— Direct-to-Consumer is the establishment of more transparent, quick and more concise supply channels that cut out the middlemen and provide a more robust customer experience.
Supply chains are a seemingly never-ending conveyer belt of transactions. Factories, pallets, warehouses, shop floors result in a labyrinth of labor (and that’s not even including the fleets of vehicles which transport goods from A to B). As they have grown and evolved, they have become encumbered by a process full of middlemen.
Direct-to-Consumer (DTC) can then be viewed as just another symptom plaguing the ailing middlemen – a phenomenon we are witnessing across all industries. Today, overly-populated and complex supply chains are eating into manufacturer’s revenues, and with revenue growth forever being a challenge, more and more manufacturers are experimenting with DTC channels.
What else has caused this shift? As with most change today, the digital transformation of markets has a huge role, as channels and communication has become ever more streamlined. This, in conjunction with the boom in e-commerce means that brands can now better set up their own online stores easier, or even work with bespoke delivery partners if they do not have their own fleet to hand.
Leading brands then are now increasingly embracing DTC sales, this not only provides full control over their own supply chain, but also in turn gives them full control of the brand experience in its entirety. DTC is not unique to B2C however, and B2B businesses are also capitalising on this trend.

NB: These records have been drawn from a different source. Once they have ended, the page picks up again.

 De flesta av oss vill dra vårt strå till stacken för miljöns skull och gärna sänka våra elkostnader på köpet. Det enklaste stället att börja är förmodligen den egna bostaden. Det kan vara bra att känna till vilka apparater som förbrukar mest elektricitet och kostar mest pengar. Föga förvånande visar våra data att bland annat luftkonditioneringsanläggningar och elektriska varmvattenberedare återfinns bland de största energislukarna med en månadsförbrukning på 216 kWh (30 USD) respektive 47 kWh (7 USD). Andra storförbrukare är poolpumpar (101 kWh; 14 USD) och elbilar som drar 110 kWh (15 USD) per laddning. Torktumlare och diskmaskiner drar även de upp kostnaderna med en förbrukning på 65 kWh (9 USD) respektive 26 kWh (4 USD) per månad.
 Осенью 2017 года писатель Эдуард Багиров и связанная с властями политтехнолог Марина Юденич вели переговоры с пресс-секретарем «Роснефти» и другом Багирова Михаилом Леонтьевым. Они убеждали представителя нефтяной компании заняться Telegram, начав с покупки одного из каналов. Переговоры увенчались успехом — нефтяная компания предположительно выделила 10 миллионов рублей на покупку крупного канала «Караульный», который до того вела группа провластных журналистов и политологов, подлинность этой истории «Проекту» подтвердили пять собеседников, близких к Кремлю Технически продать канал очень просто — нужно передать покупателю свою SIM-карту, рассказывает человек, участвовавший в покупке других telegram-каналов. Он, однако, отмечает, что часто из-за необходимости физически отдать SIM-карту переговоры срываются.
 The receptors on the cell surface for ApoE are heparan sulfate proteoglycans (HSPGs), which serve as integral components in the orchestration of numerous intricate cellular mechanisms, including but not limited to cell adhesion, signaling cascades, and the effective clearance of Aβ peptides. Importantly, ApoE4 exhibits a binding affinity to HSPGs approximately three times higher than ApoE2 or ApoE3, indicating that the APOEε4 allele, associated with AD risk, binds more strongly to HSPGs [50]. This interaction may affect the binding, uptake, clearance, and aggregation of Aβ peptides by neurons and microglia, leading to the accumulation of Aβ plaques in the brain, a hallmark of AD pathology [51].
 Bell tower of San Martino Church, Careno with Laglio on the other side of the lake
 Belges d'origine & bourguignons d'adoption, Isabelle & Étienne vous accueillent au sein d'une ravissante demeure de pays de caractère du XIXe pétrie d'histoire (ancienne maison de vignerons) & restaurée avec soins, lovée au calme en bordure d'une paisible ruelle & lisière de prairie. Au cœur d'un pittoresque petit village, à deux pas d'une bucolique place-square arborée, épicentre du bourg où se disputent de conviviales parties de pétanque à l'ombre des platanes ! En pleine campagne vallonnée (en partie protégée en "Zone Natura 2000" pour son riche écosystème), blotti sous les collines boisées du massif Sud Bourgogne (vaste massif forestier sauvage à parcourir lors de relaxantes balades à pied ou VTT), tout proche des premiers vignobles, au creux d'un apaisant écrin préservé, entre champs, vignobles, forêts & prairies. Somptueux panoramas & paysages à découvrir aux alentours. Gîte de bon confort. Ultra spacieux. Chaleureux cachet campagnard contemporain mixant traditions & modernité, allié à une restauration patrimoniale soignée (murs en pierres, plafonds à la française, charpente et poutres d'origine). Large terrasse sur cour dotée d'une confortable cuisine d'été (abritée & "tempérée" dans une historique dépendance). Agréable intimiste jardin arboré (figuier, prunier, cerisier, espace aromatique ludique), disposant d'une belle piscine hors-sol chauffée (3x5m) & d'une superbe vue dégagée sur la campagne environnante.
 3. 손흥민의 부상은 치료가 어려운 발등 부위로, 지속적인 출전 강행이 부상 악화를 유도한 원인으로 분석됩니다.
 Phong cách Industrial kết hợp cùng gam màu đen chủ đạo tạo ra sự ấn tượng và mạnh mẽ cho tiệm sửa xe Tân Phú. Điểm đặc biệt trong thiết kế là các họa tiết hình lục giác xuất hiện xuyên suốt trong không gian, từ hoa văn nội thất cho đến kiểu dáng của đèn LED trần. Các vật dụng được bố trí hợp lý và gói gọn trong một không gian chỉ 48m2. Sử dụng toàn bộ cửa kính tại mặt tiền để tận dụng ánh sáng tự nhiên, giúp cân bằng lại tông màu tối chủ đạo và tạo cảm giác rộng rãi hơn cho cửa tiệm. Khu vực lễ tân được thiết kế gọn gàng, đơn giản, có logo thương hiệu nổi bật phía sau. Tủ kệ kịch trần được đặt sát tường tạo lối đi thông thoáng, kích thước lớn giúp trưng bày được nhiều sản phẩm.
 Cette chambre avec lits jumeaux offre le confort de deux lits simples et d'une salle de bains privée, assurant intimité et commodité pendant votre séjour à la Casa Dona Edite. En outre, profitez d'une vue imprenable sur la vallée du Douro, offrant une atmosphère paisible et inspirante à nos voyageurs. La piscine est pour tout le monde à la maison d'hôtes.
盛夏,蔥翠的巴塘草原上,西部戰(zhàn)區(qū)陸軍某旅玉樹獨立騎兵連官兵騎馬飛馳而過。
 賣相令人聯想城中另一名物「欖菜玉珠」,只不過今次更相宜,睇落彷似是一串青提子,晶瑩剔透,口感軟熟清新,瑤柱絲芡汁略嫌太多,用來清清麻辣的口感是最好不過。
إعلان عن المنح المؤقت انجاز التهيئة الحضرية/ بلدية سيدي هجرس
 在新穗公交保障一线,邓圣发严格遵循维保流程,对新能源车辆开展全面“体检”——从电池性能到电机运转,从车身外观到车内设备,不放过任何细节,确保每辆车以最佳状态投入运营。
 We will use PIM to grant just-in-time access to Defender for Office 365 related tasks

And the trend is set to continue, as over time more and more shareholders in business will become more comfortable with this model. Customers too, as they begin to see the that DTC often leads to the best brand experience. In 2015, one third of customers bought direct.
Last summer, Nike, the world’s leading sports brand, launched their Consumer Direct Offensive, a self-described “faster pipeline to serve consumers personally, at scale”. This effort, centred on 12 key cities across 10 key countries, is expected to represent 80+% of growth through 2020. The footwear In fact, the sports giant announced that their DTC revenue amounted to approximately 9.08 billion U.S. dollars last year.
Similar to DTC is Direct-to-Store Delivery (DSD). DSD, whilst not exactly DTC, is also on the rise, and consists of manufacturer warehouse’s shipping to retail stores directly, resulting in a closed loop, multi-stop, supply network. This enables retailers to be more responsive to customer needs and store stock levels, leading to a more intuitive customer experience, better cost margins and better ownership of a simpler supply network.
Ultimately, DTC and DSD are establishing a better dialogue with their customers, bringing them closer to the brands and facilitating more transparency and control in this relationship. This is possibly the most important aspect of this trend, as closer channels of communication provide manufacturers access to customer data that, previously, was lost in a maze of bureaucracy.
So what is Direct-to-Consumer? It another final nail in the coffin for middlemen businesses, a new level of transparency of communication between manufacturers and customers and another avenue for brands to harvest the new oil – data.